_What you will do:_ Copy exactly the lines starting at the one that contains "این آیین که" and running through the end of the material below. Exclude any pictures.

_Records supplied:_
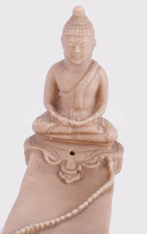Leírás: Buddha figurával díszített füstölőtartó, műgyanta, h: 29 cm
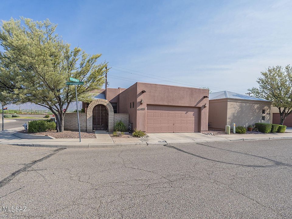 Not only is this property well kept, beautiful, with many upgrades, it also is in a prime location! Close to the Loop, the Mini Time Machine Museum of Miniatures (a must see), shopping, parks, and hospitals, all with a beautiful view of the Catalinas. Walk in through a spacious courtyard that wraps around to the backyard where you can enjoy the covered patio and watch the mountains change colors as the day goes by. Newer appliances throughout the home, newer AC, updated kitchen with beautiful breakfast bar, and new exterior paint. Spacious and open split floor plan, large primary bedroom with two closets. The neighborhood is thoughtfully landscaped and the neighborhood pool/spa is right across the street! Guest parking is conveniently just south of the pool.
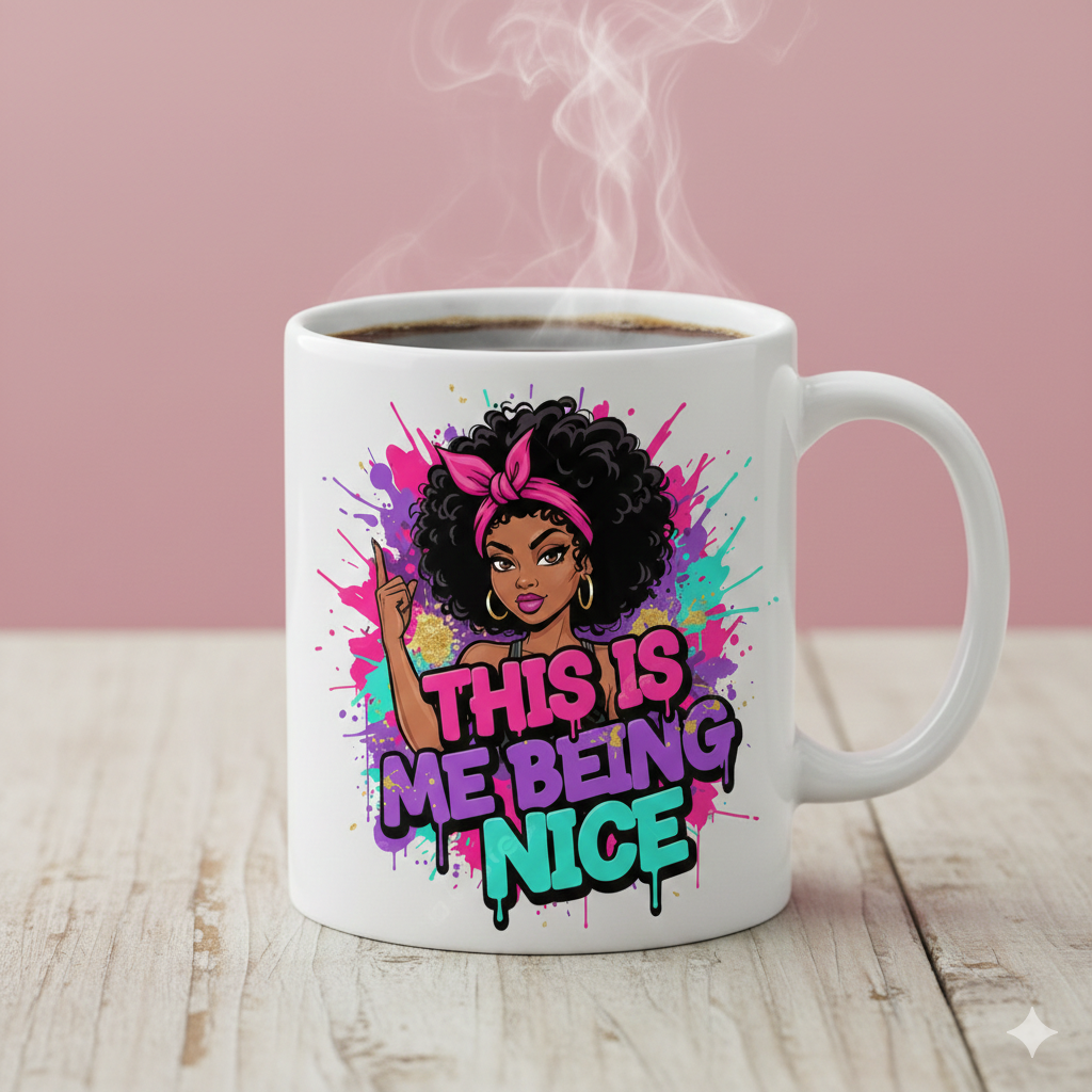 Sassy Black Girl PNG - This Is Me Being Nice - Urban Graffiti Street Art Sublimation Design - Afro Curly Hair Melanin Queen Digital Download - T-Shirt & Tumbler Wrap Graphic
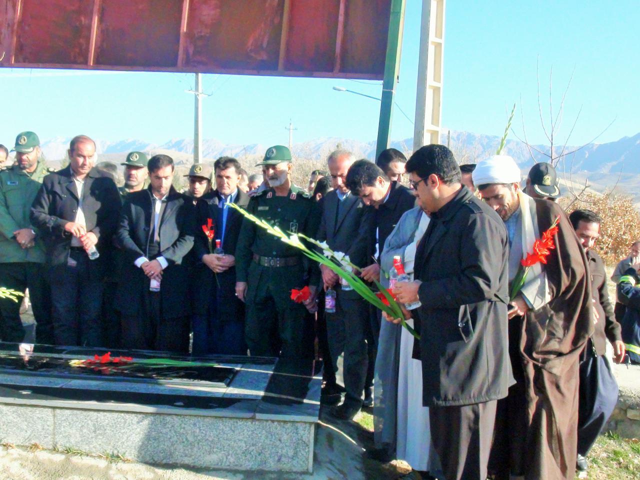 این آیین که با حضور مسئولان ، بسیجیان ، خانواده های معظم شهدا ، نیروهای نظامی وانتظامی برگزارشد، حاضران ضمن قرائت فاتحه به مقام شامخ شهدا ادای احترام کردند.
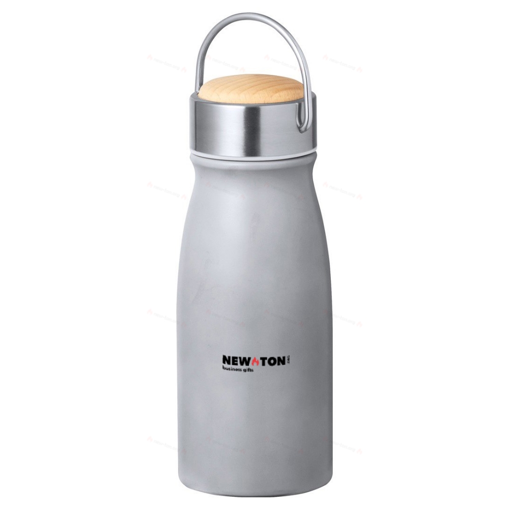 Двухстенная бутылка из переработанной нержавеющей стали с вакуумным утеплителем и деревянной крышкой для переноски, 350 мл.
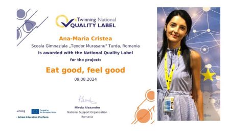 „Suntem extrem de mândri să anunțăm că echipa școlii noastre a obținut Certificatul Național de Calitate (Quality Label) pentru proiectul eTwinning „Eat...

_Task result:_
 این آیین که با حضور مسئولان ، بسیجیان ، خانواده های معظم شهدا ، نیروهای نظامی وانتظامی برگزارشد، حاضران ضمن قرائت فاتحه به مقام شامخ شهدا ادای احترام کردند.
 Двухстенная бутылка из переработанной нержавеющей стали с вакуумным утеплителем и деревянной крышкой для переноски, 350 мл.
 „Suntem extrem de mândri să anunțăm că echipa școlii noastre a obținut Certificatul Național de Calitate (Quality Label) pentru proiectul eTwinning „Eat...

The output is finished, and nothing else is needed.